2.4- MODO DE PRODUÇÃO FEUDAL: A sociedade feudal era constituída pelos senhores x servos. Os servos não eram escravos de seus senhores, pois não era propriedade deles. Eles apenas os serviam em troca de casa e comida. Trabalhavam um pouco para o seu senhor e outro pouco para eles mesmos. Num determinado momento, as relações feudais começaram a dificultar o desenvolvimento das forças produtivas. Como a exploração sobre os servos no campo aumentava, o rendimento da agricultura era cada vez mais baixo. Na cidade, o crescimento da produtividade dos artesãos era freado pelos regulamentos existentes e o próprio crescimento das cidades era impedido pela ordem feudal. Já começava a aparecer às relações capitalistas de produção.
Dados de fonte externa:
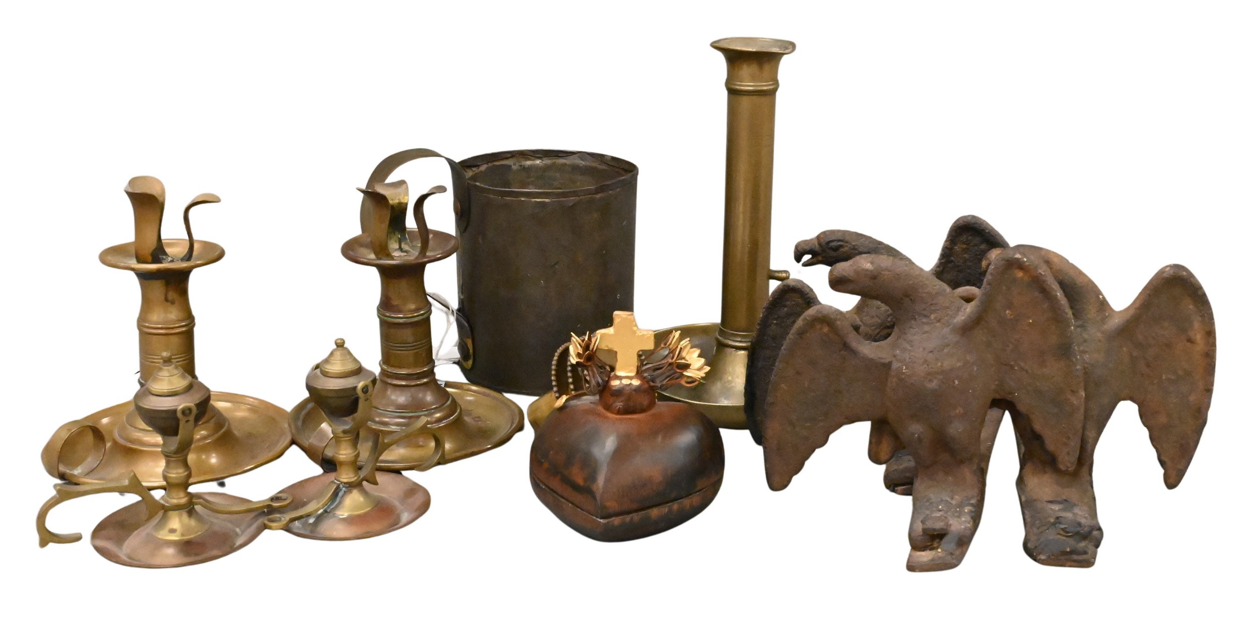 antique finely turned brass gimbal ship whale oil lamps set on a heavy round dish, three early 18th century cast iron eagle andirons, three candlesticks (height 8 inches) etc…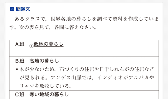 日常の暮らしと社会の授業で学んだ内容を関連付けた添削問題で、総合力を身につけます。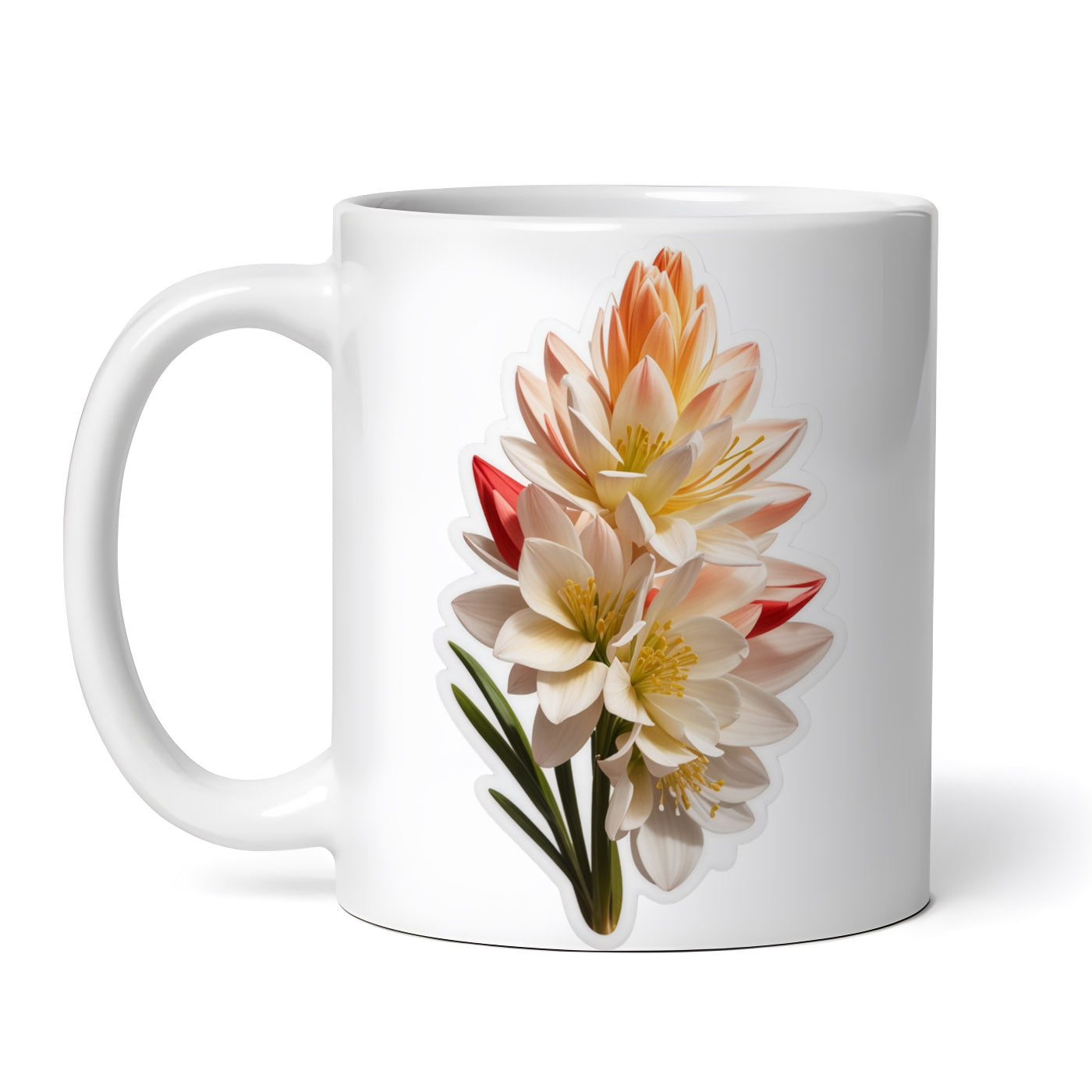 Cana ceramica, Flori de tuberoze, NO8996, 330 ml, Multicolor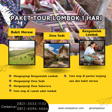 Paket Tour Lombok 1 Hari: Banyumulek, Desa Sade dan Sukarara adalah layanan jasa tour guide lokal berpengalaman yang disediakan oleh tim Campa Tour bagi para pecinta alam yang ingin menikmati petualangan seru di Lombok. Selain itu, bagi kamu yang sedang merencanakan liburan di Lombok atau mencari tempat wisata di Lombok yang anti-mainstream, selain itu, kamu bisa bergabung bersama tim Campa Tour dan mengikuti paket Tour Lombok 1 hari di Lombok yang tak terlupakan. Selain itu, paket ini akan membawamu menjelajahi tempat wisata alam Lombok yang terkenal, seperti Desa Banyumulek, Desa Sade, dan Sukarara.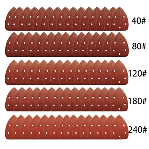 Fenteer 約50枚 全7種 40~240グリット 研磨用ペーパー サンディング 5穴 三角 - 80グリット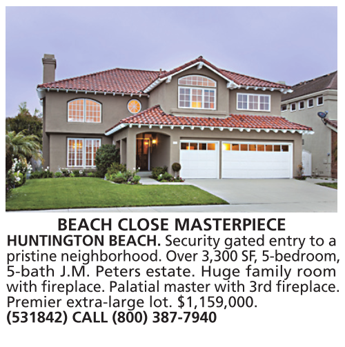 BEACH CLOSE MASTERPIECE HUNTINGTON BEACH. Security gated entry to a pristine neighborhood. Over 3,300 SF, 5-bedroom, 5-bath J.M. Peters estate. Huge family room with fireplace. Palatial master with 3rd fireplace. Premier extra-large lot. $1,159,000. (531842) CALL (800) 387-7940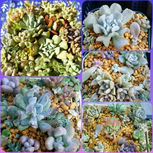 今日寄せ植えた。 10月の朝なのに汗タラタラ… 暑い…。 2ヶ所からの取り寄せ、 出身元同士、苗をシャッフルする事無く寄せる習性。 細々沢山…有れば別の出身苗寄せに永住。 ベビーフィンガー✕スリョン… 出品画像でも可愛かったので… 成長楽しみ(+´ェ`+) ヒューミリスとメキシカンスノーボールの透明感や色味に惹かれる(o˘˘o) おまけの澄江も検索すると可愛くなりそう( =^ω^) おまけ 有り難や〜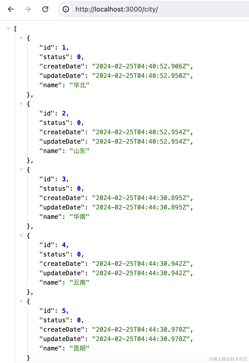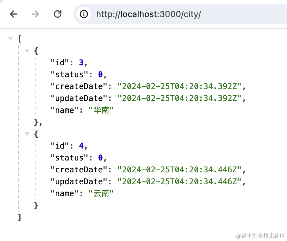 在 CityService 的 findAll 方法里插入数据,然后再查出来。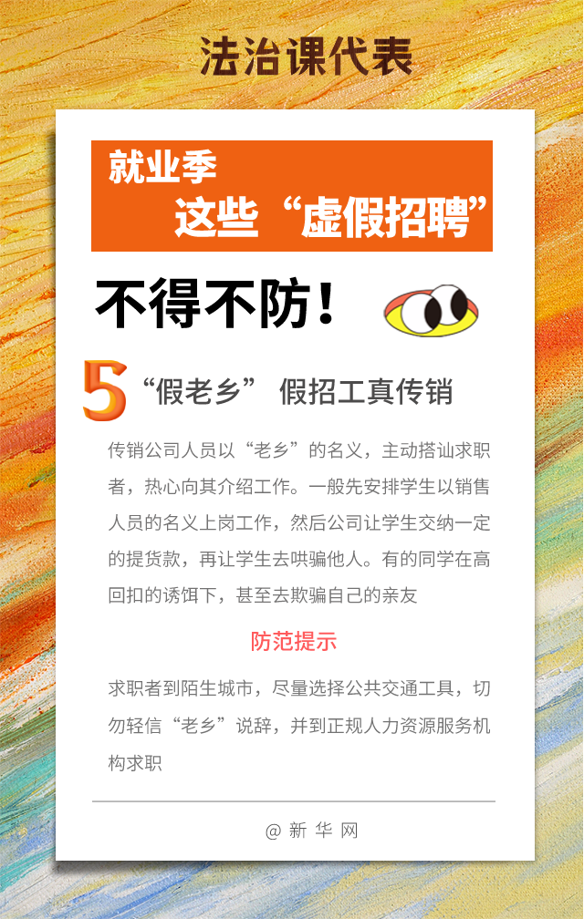 近日,人力資源和社會保障部會同國家市場監督管理總局發布通知,部署開展為期兩個月的清理整頓人力資源市場秩序專項行動,通知明確要以打擊虛假招聘等為重點。以下為幾種常見的“虛假招聘”套路,大家一定要注意防范!

2.5- MODO DE PRODUÇÃO CAPITALISTA: O que caracteriza o modo de produção capitalista são as relações assalariadas de produção (trabalho assalariado). As relações de produção capitalistas baseiam-se na propriedade privada dos meios de produção pela burguesia, que substituiu a propriedade feudal, e no trabalho assalariado, que substituiu o trabalho servil do feudalismo. O capitalismo é movido por lucros, portanto temos duas classes sociais: a burguesia e os trabalhadores assalariados.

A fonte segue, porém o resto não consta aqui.